--- DATA SECTION Enclosed Below ---
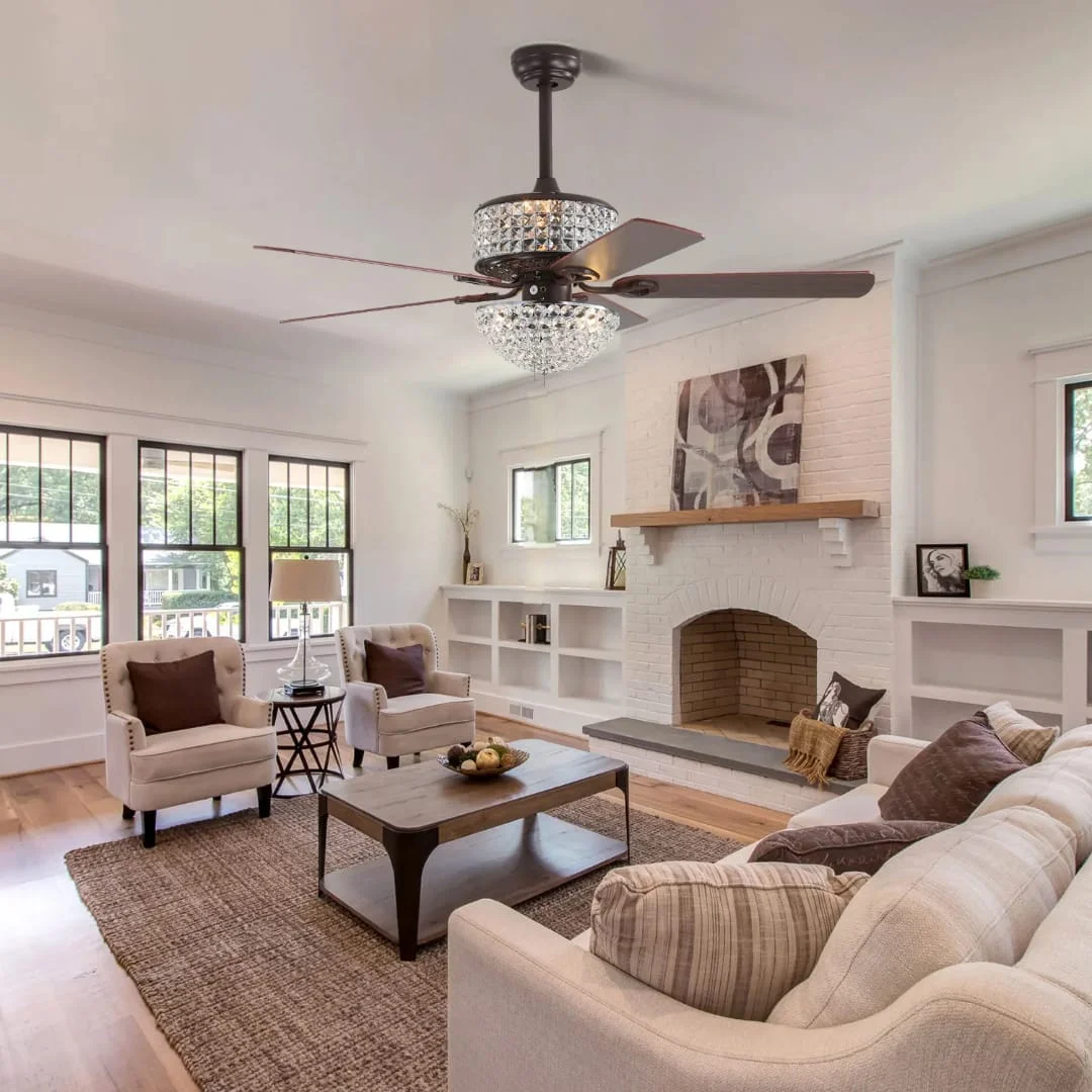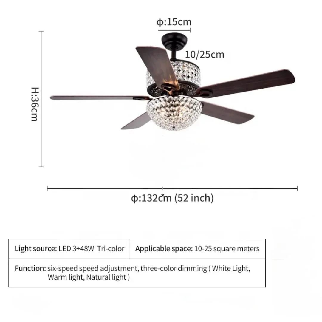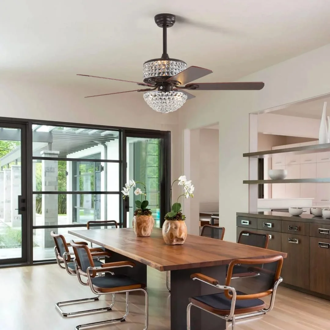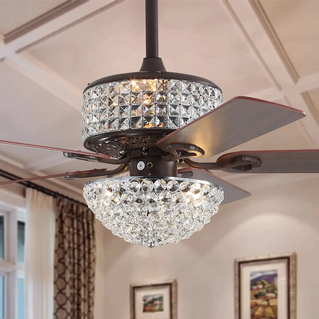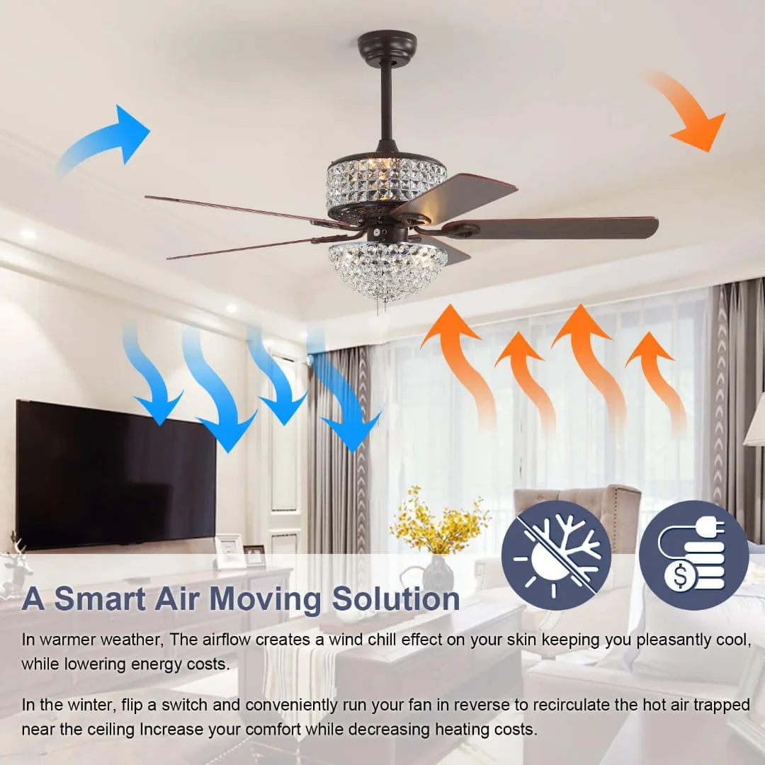 - Stylish Design: 52-inch chandelier fan with three retractable elegant crystal lights.
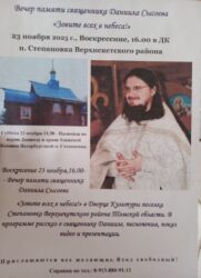 Вечером того же дня в Доме культуры с. Степановка был проведен вечер памяти убиенного священника, посвященный 16-летию со дня его смерти. Гости вечера узнали о жизни отца Даниила, посмотрели видеоотрывки его выступлений и музыкальные видеоролики. Также был представлен доклад с презентацией на тему: «Оценка советского периода истории Церкви и его последствий в трудах иерея Даниила Сысоева».
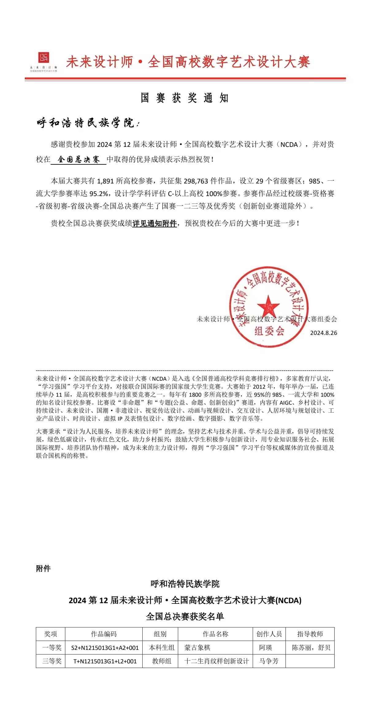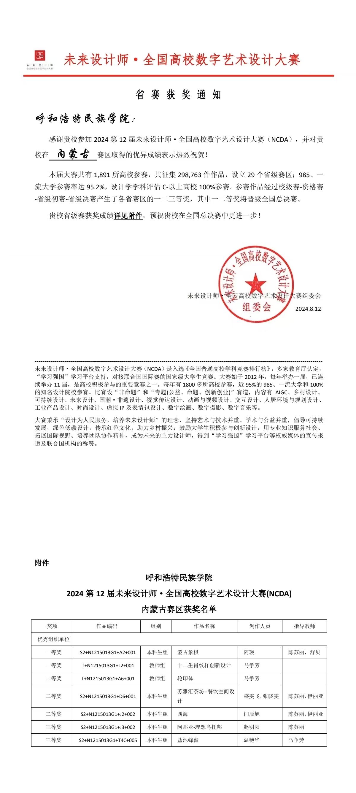 近日,2024年(第十二届)未来设计师·全国高校数字艺术设计大赛(NCDA)全国总决赛结果揭晓。由beat365官网美术与设计学院4名教师参与和指导的7个作品分别获得了国家级和内蒙古赛区一、二、三等奖的好成绩。学校被评为省级“优秀组织单位”。
--- End of Enclosed DATA SECTION ---
=== WORK INSTRUCTIONS ===
Give back exactly the lines from the one containing "Вечером того же" through the last line above, both included, and none of the pictures.

=== WRITTEN SOLUTION ===
 Вечером того же дня в Доме культуры с. Степановка был проведен вечер памяти убиенного священника, посвященный 16-летию со дня его смерти. Гости вечера узнали о жизни отца Даниила, посмотрели видеоотрывки его выступлений и музыкальные видеоролики. Также был представлен доклад с презентацией на тему: «Оценка советского периода истории Церкви и его последствий в трудах иерея Даниила Сысоева».
 近日,2024年(第十二届)未来设计师·全国高校数字艺术设计大赛(NCDA)全国总决赛结果揭晓。由beat365官网美术与设计学院4名教师参与和指导的7个作品分别获得了国家级和内蒙古赛区一、二、三等奖的好成绩。学校被评为省级“优秀组织单位”。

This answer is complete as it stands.